"""

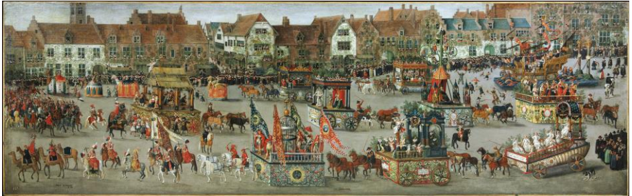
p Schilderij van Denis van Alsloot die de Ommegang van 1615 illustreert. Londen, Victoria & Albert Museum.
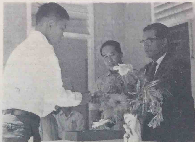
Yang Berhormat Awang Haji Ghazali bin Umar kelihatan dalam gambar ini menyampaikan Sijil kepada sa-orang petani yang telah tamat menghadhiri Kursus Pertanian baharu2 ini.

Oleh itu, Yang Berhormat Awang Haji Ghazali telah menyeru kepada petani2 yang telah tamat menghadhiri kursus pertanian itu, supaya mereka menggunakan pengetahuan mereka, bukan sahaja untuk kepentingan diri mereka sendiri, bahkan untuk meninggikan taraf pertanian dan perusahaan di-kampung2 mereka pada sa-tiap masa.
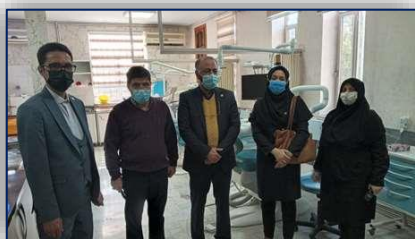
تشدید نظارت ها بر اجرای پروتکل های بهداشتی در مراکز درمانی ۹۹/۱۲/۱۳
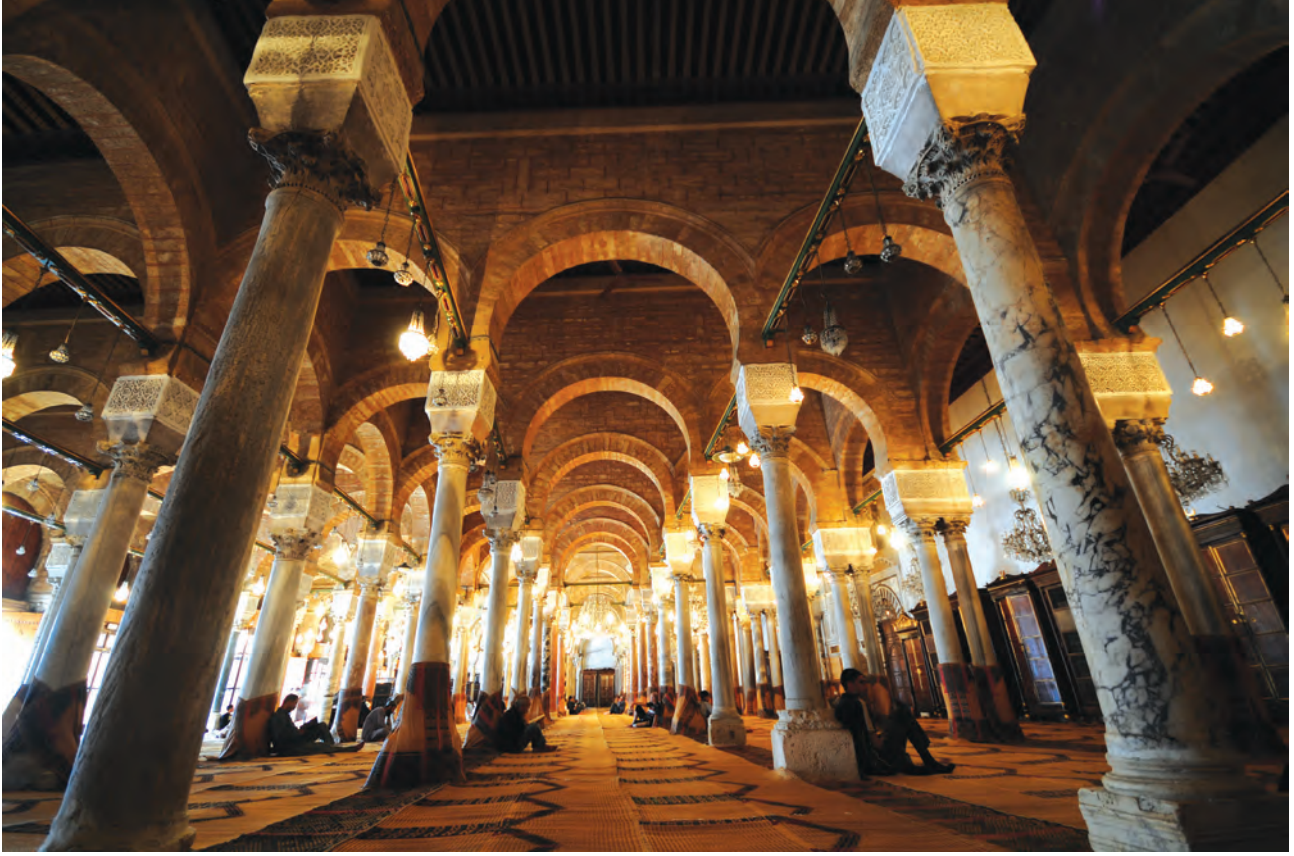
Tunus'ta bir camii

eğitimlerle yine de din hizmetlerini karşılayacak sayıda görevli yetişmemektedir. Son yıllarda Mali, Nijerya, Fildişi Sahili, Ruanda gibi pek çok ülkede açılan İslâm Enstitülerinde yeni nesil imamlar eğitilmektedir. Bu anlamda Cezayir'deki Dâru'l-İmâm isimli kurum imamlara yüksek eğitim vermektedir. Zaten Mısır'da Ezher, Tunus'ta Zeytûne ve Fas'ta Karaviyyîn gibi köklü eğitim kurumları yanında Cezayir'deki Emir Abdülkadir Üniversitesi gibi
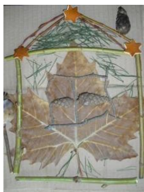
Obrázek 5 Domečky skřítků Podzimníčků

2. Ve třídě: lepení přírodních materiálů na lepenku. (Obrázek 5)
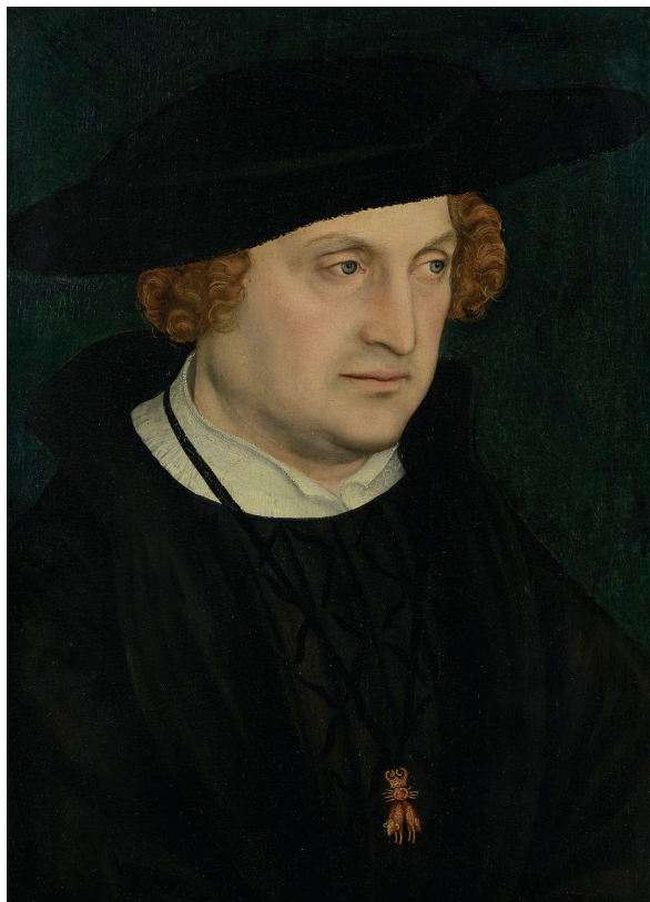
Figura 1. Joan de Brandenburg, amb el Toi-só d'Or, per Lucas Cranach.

"""

* **WORK TASK**
The records above should be returned exactly, with only their pictures held back.

* **WRITTEN SOLUTION**
p Schilderij van Denis van Alsloot die de Ommegang van 1615 illustreert. Londen, Victoria & Albert Museum.
Yang Berhormat Awang Haji Ghazali bin Umar kelihatan dalam gambar ini menyampaikan Sijil kepada sa-orang petani yang telah tamat menghadhiri Kursus Pertanian baharu2 ini.

Oleh itu, Yang Berhormat Awang Haji Ghazali telah menyeru kepada petani2 yang telah tamat menghadhiri kursus pertanian itu, supaya mereka menggunakan pengetahuan mereka, bukan sahaja untuk kepentingan diri mereka sendiri, bahkan untuk meninggikan taraf pertanian dan perusahaan di-kampung2 mereka pada sa-tiap masa.
تشدید نظارت ها بر اجرای پروتکل های بهداشتی در مراکز درمانی ۹۹/۱۲/۱۳
Tunus'ta bir camii

eğitimlerle yine de din hizmetlerini karşılayacak sayıda görevli yetişmemektedir. Son yıllarda Mali, Nijerya, Fildişi Sahili, Ruanda gibi pek çok ülkede açılan İslâm Enstitülerinde yeni nesil imamlar eğitilmektedir. Bu anlamda Cezayir'deki Dâru'l-İmâm isimli kurum imamlara yüksek eğitim vermektedir. Zaten Mısır'da Ezher, Tunus'ta Zeytûne ve Fas'ta Karaviyyîn gibi köklü eğitim kurumları yanında Cezayir'deki Emir Abdülkadir Üniversitesi gibi
Obrázek 5 Domečky skřítků Podzimníčků

2. Ve třídě: lepení přírodních materiálů na lepenku. (Obrázek 5)
Figura 1. Joan de Brandenburg, amb el Toi-só d'Or, per Lucas Cranach.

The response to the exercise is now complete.